### INPUT
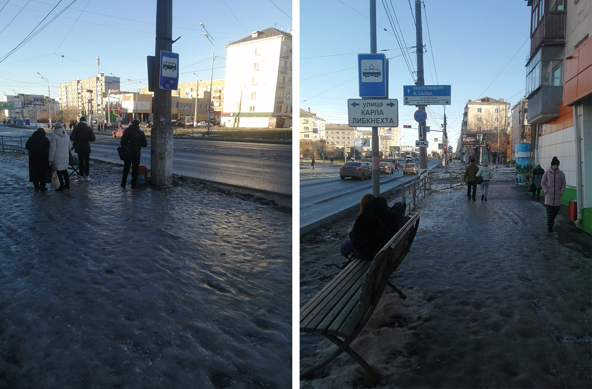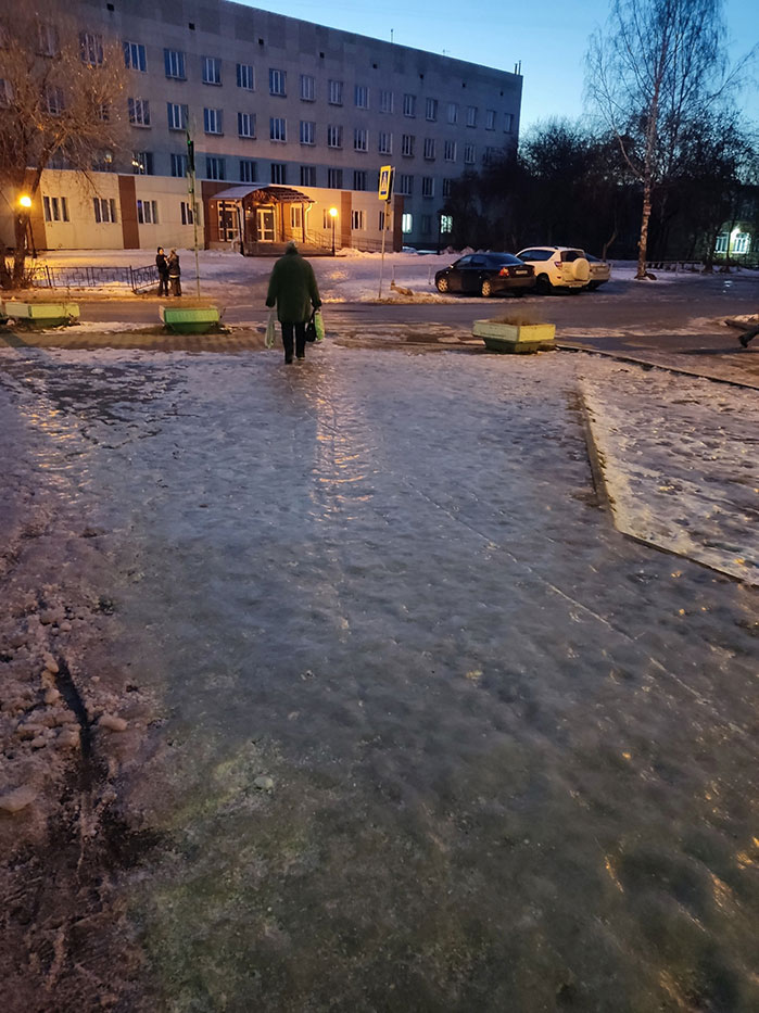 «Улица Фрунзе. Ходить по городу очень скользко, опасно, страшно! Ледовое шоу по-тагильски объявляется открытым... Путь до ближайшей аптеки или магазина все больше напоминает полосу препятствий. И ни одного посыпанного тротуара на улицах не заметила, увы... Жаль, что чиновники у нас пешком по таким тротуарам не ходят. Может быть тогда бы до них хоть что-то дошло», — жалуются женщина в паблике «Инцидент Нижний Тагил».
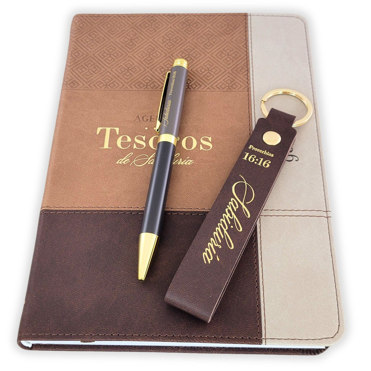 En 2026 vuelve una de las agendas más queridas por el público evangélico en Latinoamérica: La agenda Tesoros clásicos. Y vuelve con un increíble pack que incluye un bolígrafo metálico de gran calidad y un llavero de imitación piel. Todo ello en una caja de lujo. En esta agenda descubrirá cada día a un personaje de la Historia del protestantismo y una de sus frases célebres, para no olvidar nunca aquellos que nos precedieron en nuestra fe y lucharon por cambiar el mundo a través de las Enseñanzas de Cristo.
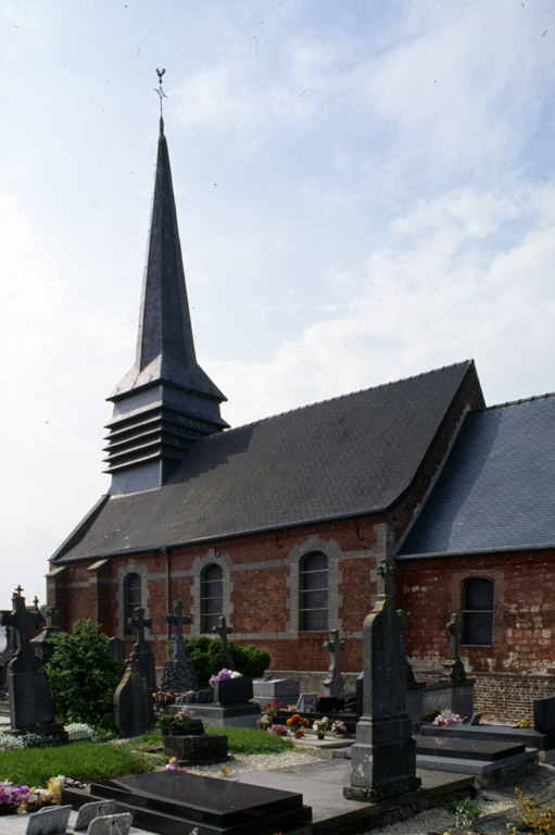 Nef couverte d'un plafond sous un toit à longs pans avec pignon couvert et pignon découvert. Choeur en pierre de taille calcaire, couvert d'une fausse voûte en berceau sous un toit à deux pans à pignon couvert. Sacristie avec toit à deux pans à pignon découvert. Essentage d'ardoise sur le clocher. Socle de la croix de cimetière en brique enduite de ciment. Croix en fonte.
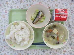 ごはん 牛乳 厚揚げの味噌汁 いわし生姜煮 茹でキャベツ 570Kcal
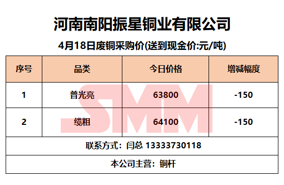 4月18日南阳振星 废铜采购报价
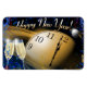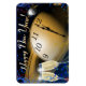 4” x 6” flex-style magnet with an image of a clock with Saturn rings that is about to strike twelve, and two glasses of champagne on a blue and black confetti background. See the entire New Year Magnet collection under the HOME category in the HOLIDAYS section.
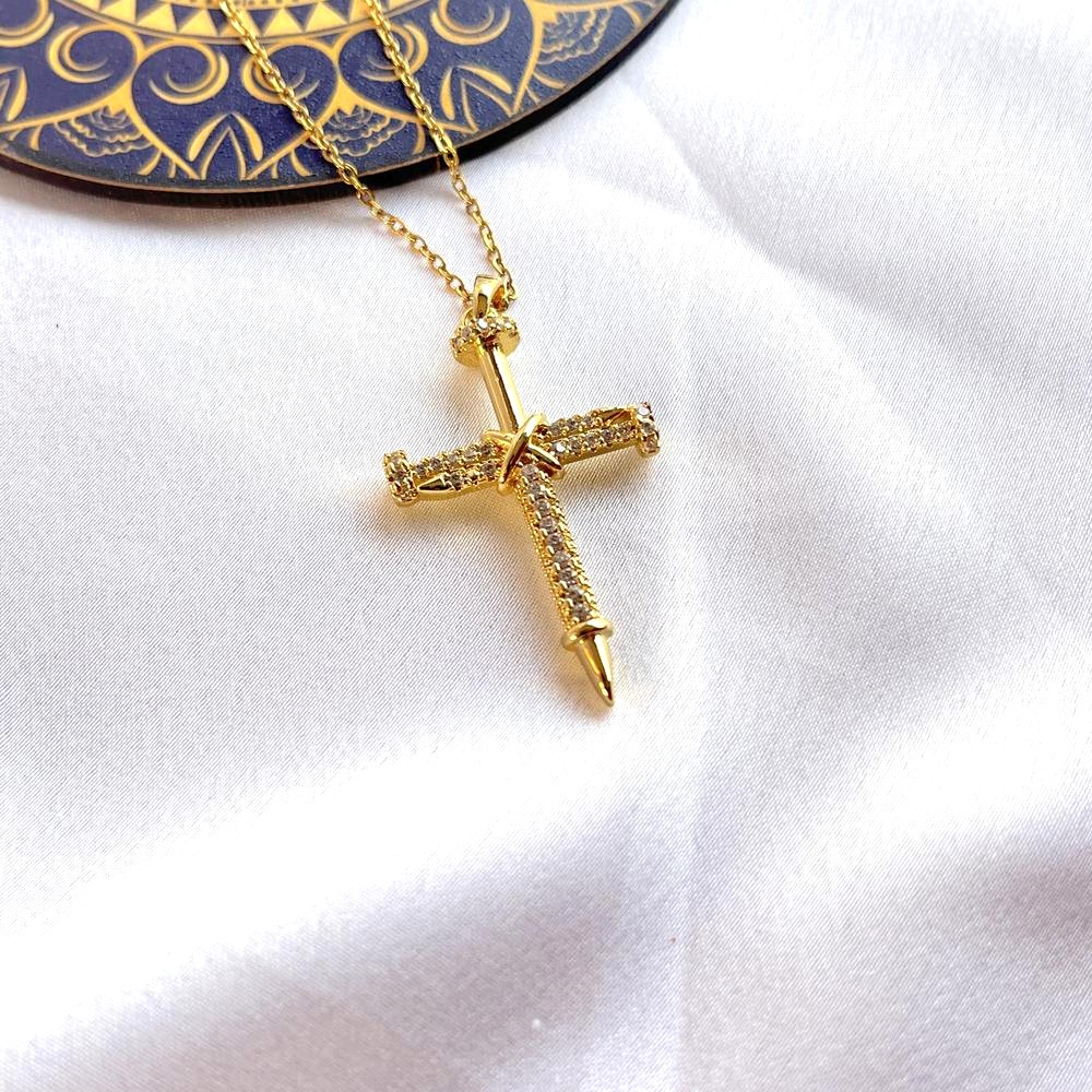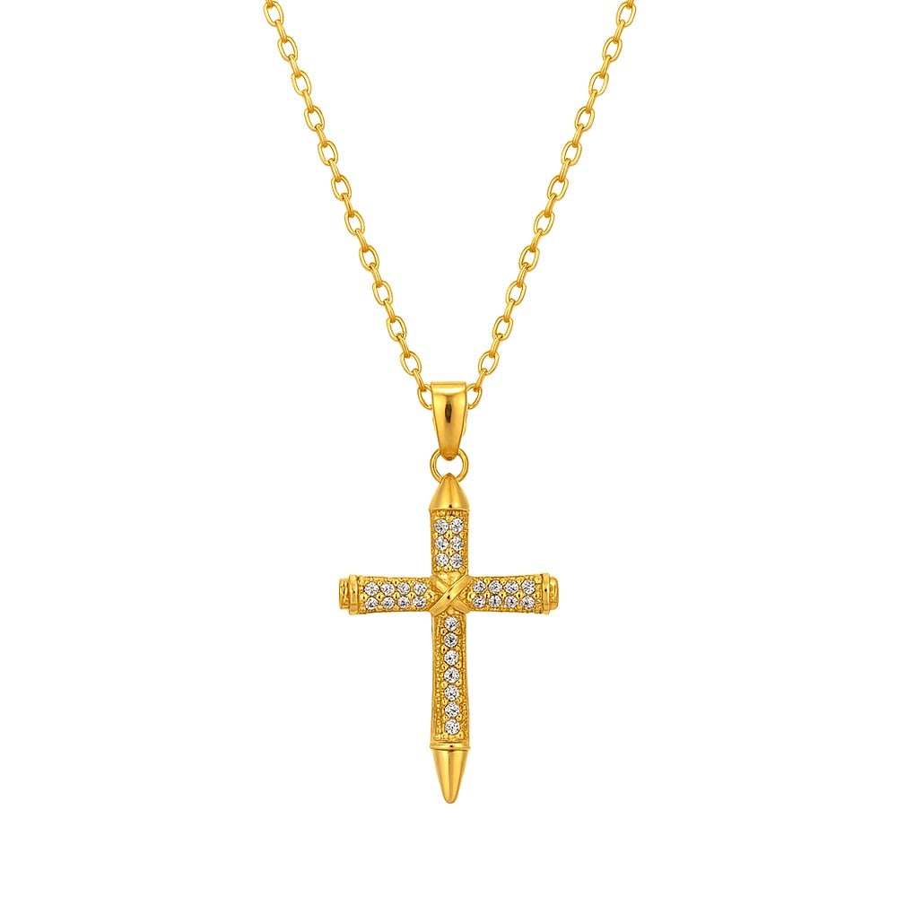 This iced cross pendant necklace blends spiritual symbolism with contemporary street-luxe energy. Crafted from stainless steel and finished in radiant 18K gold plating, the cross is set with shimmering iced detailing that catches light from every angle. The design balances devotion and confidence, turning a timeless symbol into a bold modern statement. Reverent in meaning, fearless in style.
...
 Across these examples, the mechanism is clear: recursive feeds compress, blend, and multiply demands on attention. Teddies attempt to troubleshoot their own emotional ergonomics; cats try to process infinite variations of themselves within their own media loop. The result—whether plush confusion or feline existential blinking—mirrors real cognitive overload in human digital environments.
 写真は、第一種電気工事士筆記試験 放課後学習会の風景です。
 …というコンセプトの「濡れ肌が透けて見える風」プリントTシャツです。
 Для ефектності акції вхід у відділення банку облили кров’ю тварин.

### WORK INSTRUCTION
Write out word for word the lines of the listing above from the line with "4月18日南阳振星 废铜采购报价" to the line with "This iced cross", taking in both of those lines but no pictures.

### OUTPUT OF THE TASK
 4月18日南阳振星 废铜采购报价
 4” x 6” flex-style magnet with an image of a clock with Saturn rings that is about to strike twelve, and two glasses of champagne on a blue and black confetti background. See the entire New Year Magnet collection under the HOME category in the HOLIDAYS section.
 This iced cross pendant necklace blends spiritual symbolism with contemporary street-luxe energy. Crafted from stainless steel and finished in radiant 18K gold plating, the cross is set with shimmering iced detailing that catches light from every angle. The design balances devotion and confidence, turning a timeless symbol into a bold modern statement. Reverent in meaning, fearless in style.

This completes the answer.